Accuracy vs. volume of fire is not an easy question to settle, given that they
can't be compared directly, but require very different tactics and training.

Check this:
[https://www.youtube.com/watch?v=WOHGUExSGH8](https://www.youtube.com/watch?v=WOHGUExSGH8)
(and for background,
[https://www.youtube.com/watch?v=XomJdLZGyCM](https://www.youtube.com/watch?v=XomJdLZGyCM)
).

Most of the depictions of longbowmen in battle that I've seen make me suspect
that they're going down the volume-of-fire route.

------
tlear
A lot of it makes a ton of sense. But draw weight of the bow and weight of the
arrows make a huge difference. Would be really interesting to see him do this
even half as effectively using and 80-100lb warbow with heavy war arrows.
Weaker stuff will not punch through even the worst armour at any kind of
decent range.

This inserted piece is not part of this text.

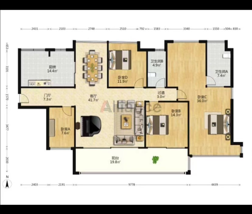 南北通透 跑马长阳台 原始五房改成了4房,报价728万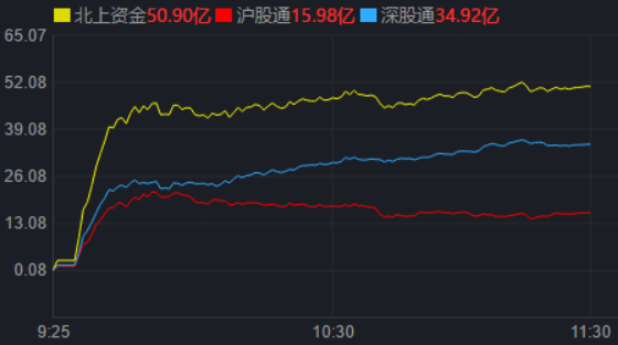 從資金面來(lái)看,4月28日上午,北上資金凈買入金額達(dá)50.90億元,其中,滬股通凈買入15.98億元,深股通凈買入34.92億元。

Also I wonder if this works with light flight arrows used to
harass enemy at range and kill horses.

His technique does show how bad it was for the horses and why Mongols needed
to bring as many remounts as they did. Battle between two horse archer armies
must have been a real horse slaughter.

Also that mail shot, I bet cash that is a crap butted mail. Try same with
riveted mail covered with gambeson and see what happens(nothing, this arrows
will bounce like it was a wall)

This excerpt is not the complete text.